*Task item*: Of all the lines in the entries below, give again exactly those starting at the line containing "二十余片羽状复叶上挂着晨露,茎秆顶端的蝶" and ending at the line containing "- Feather trim detailing on the cuffs", both ends included, and no others.

Available records START

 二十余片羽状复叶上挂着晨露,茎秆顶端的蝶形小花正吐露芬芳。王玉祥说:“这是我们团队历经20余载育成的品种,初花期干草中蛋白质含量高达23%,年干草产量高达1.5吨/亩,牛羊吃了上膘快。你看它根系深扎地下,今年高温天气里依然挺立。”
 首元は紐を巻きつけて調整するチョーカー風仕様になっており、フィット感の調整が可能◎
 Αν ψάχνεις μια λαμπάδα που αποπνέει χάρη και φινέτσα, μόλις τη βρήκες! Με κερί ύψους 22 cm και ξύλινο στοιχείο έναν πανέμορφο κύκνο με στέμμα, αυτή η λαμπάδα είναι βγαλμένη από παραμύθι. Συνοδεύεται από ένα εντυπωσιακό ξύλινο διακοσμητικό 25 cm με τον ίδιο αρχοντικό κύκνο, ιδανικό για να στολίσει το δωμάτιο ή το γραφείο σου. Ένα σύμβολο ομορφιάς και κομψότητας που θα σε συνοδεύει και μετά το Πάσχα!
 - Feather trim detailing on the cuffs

Available records END
Available records START

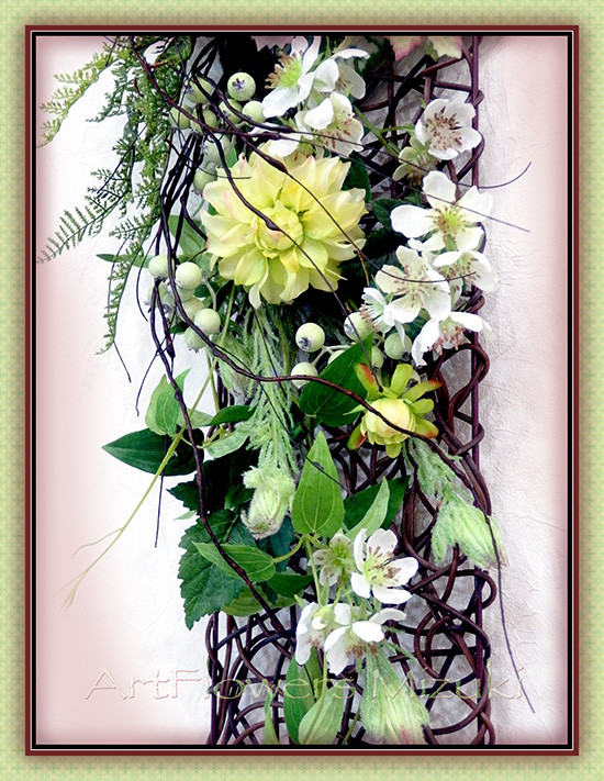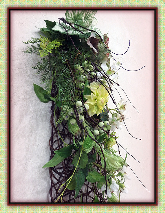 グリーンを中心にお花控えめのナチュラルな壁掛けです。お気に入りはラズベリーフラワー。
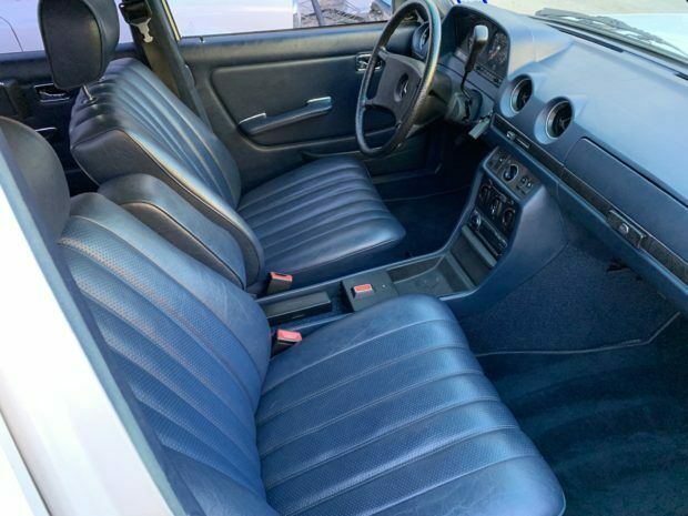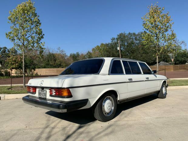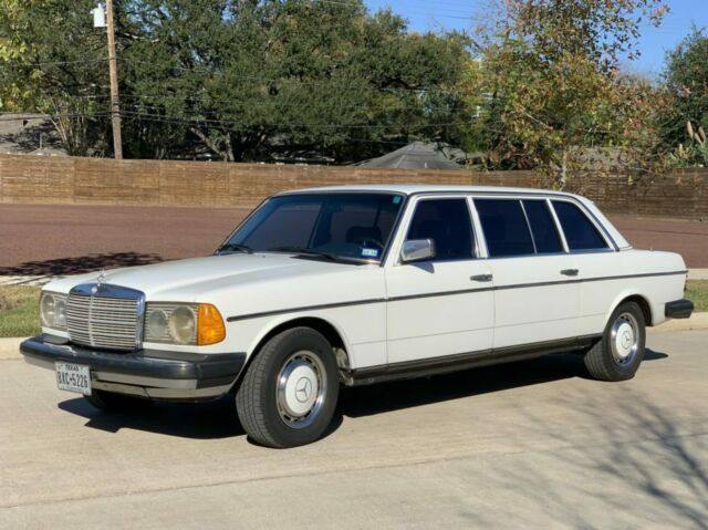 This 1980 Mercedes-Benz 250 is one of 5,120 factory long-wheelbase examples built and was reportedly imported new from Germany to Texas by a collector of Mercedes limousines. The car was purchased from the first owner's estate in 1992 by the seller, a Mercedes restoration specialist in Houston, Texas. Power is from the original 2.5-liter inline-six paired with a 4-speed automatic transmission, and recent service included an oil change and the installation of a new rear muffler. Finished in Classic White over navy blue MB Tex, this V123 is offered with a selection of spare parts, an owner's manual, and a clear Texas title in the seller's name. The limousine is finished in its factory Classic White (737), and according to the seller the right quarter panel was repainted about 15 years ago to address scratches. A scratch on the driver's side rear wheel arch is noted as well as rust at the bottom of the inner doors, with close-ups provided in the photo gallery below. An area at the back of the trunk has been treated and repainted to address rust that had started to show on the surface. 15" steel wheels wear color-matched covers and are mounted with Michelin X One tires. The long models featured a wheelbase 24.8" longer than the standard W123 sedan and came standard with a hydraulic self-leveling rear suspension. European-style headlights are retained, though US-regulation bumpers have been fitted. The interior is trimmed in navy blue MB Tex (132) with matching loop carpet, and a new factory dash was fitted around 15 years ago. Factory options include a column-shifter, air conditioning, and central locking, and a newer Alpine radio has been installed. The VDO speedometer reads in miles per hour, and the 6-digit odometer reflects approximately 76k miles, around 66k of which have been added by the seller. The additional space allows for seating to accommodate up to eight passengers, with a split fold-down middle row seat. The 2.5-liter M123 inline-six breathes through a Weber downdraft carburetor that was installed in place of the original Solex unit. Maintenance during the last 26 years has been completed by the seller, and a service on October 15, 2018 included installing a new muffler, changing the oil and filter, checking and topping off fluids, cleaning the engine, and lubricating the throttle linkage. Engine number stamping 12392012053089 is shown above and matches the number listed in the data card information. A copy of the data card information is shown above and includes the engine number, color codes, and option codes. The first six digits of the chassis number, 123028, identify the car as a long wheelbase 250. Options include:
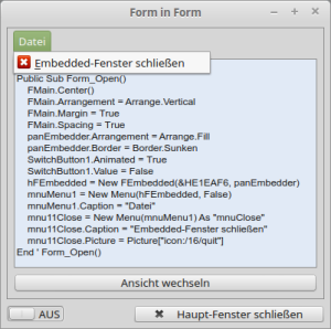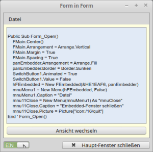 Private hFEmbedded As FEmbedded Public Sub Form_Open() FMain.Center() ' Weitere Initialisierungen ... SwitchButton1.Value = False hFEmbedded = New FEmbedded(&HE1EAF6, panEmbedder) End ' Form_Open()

Available records END

*Result for this task*:
 二十余片羽状复叶上挂着晨露,茎秆顶端的蝶形小花正吐露芬芳。王玉祥说:“这是我们团队历经20余载育成的品种,初花期干草中蛋白质含量高达23%,年干草产量高达1.5吨/亩,牛羊吃了上膘快。你看它根系深扎地下,今年高温天气里依然挺立。”
 首元は紐を巻きつけて調整するチョーカー風仕様になっており、フィット感の調整が可能◎
 Αν ψάχνεις μια λαμπάδα που αποπνέει χάρη και φινέτσα, μόλις τη βρήκες! Με κερί ύψους 22 cm και ξύλινο στοιχείο έναν πανέμορφο κύκνο με στέμμα, αυτή η λαμπάδα είναι βγαλμένη από παραμύθι. Συνοδεύεται από ένα εντυπωσιακό ξύλινο διακοσμητικό 25 cm με τον ίδιο αρχοντικό κύκνο, ιδανικό για να στολίσει το δωμάτιο ή το γραφείο σου. Ένα σύμβολο ομορφιάς και κομψότητας που θα σε συνοδεύει και μετά το Πάσχα!
 - Feather trim detailing on the cuffs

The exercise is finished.